> **The task**
Give again, word for word, the lines below that run from the line with "- ABEMAにてアニメ「レ" through the line with "竟然是把牙刷吞進肚子裡⋯⋯還好最後平安無事。". Drop the pictures.
-- Recorded data follows --
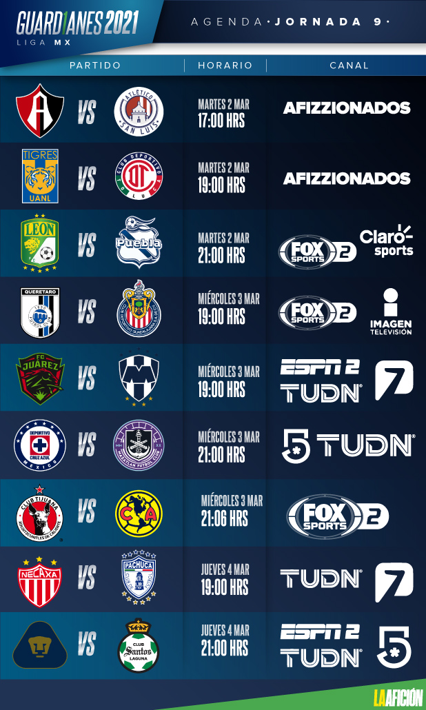 Horarios y dónde ver la jornada 9 del Guard1anes 2021 de la Liga MX
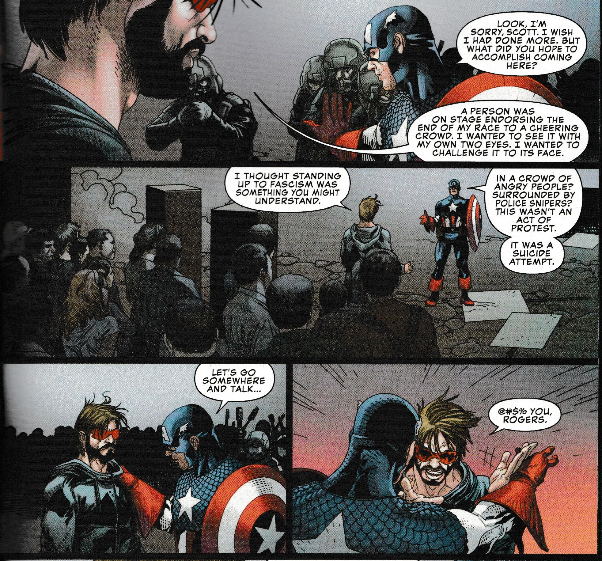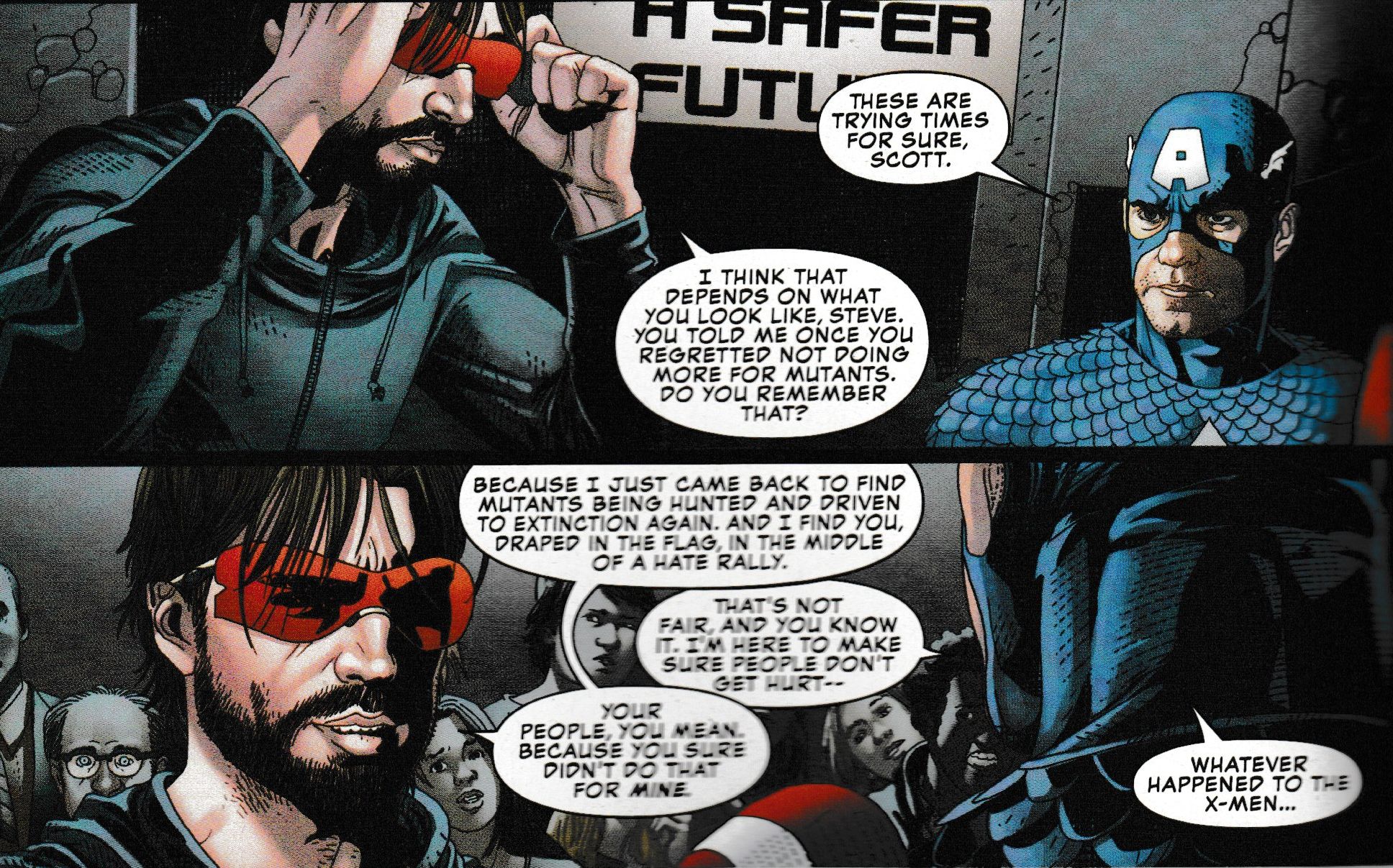 Anyway, the Chamber confrontation clearly inspired something in Cyclops in his confrontation with Captain America at a Human Rights rally…
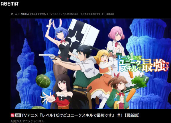 - ABEMAにてアニメ「レベル1だけどユニークスキルで最強です」の1話が無料配信しております!
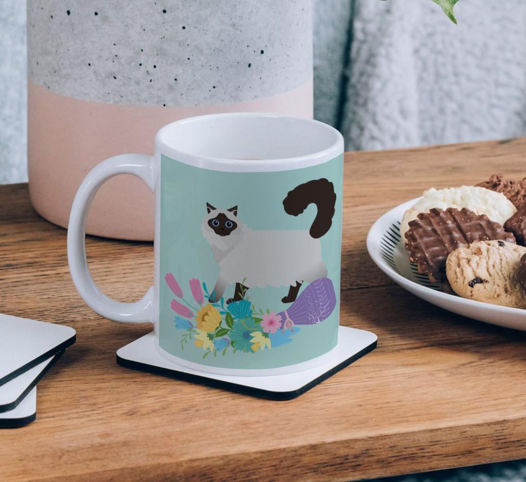 This mug comes in three pastel colors and a floral design, furrfect for keeping a watchful eye over your Birman!
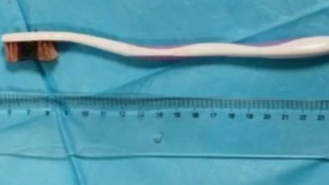 竟然是把牙刷吞進肚子裡⋯⋯還好最後平安無事。
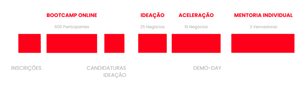 As participantes que tenham completado os módulos online podem candidatar-se com os seus projetos à fase de aceleração e mentoria, com duração de 3 meses, e apresentar o seu pitch no Demo Day a um júri de especialistas.
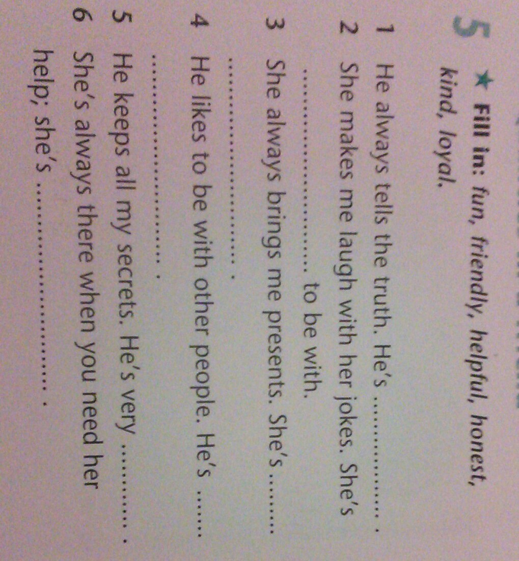 4 He likes to be with other people. He's friendly.
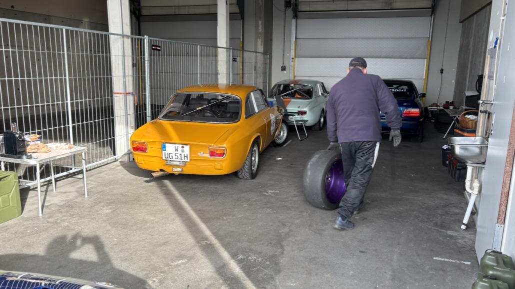 Nach der kalten Nacht (im Schlafsack war es aber gemütlich) und einem kleinen Frühstück samt Espresso vom Gaskocher gab es die obligatorische Fahrerbesprechung und dann ging es zum ersten Mal bei schönstem Wetter auf die Strecke. Also, sollte es auf die Strecke gehen. Denn der Alfa hatte andere Pläne und sprang erst mal gar nicht an – scheinbar (erneute) Zündungsprobleme. So wurde der Vormittag zur Schrauberstunde. Bei der Fehlersuche mit kompetenter und tatkräftiger Unterstützung durch Ulrich Gawlick von der Alfa-Zentrale stellte sich dann eine gebrochene Verteilerwelle des analogen Verteilers als vermeintlicher Übeltäter heraus. Also wurde der Verteiler (wieder mal) gegen den Programmierbaren von 123Ignition getauscht, wohlwissend dass auch dieser in der letzten Zeit nicht ganz problemlos lief. Da durch die zahlreichen Startversuche die Zündkerzen nass waren, mussten alle acht dann auch noch gereinigt werden und siehe da: Der Motor lief plötzlich und ich konnte am späten Vormittag endlich auf die Strecke, wo sich die anderen Teilnehmer schon stundenlang ausgetobt hatten. Nach dem Wechsel auf Slicks lief der Alfa dann einwandfrei und zügig, geradeso, als wäre nie etwas gewesen. Die rundenlangen „Duelle“ mit etwa gleichschnellen Autos (Ford Escort Mk1, BMW E36 325i, Alfa Giulia Sprint, …) haben viel Spaß gemacht und allen Teilnehmern war die Freude anzusehen. Die gewonnenen Erkenntnisse bei den Testfahrten können nun in die weitere Saisonvorbereitung einfließen.
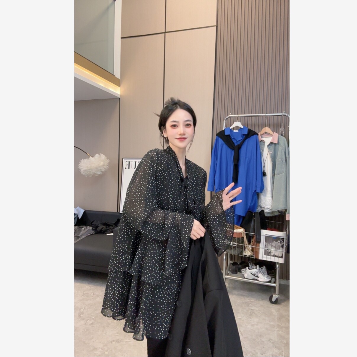 【春日明媚】春上新~精致复古波点开衫长袖衬衫上衣
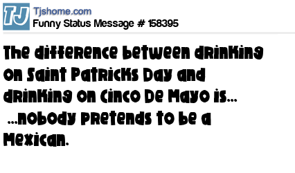 - # 198696 The difference between drinking on St. Patrick's Day and drinking on Cinco De Mayo is that nobody pretends to be a Mexican.
-- Recorded data concluded --
> **Final answer**
 - ABEMAにてアニメ「レベル1だけどユニークスキルで最強です」の1話が無料配信しております!
 This mug comes in three pastel colors and a floral design, furrfect for keeping a watchful eye over your Birman!
 竟然是把牙刷吞進肚子裡⋯⋯還好最後平安無事。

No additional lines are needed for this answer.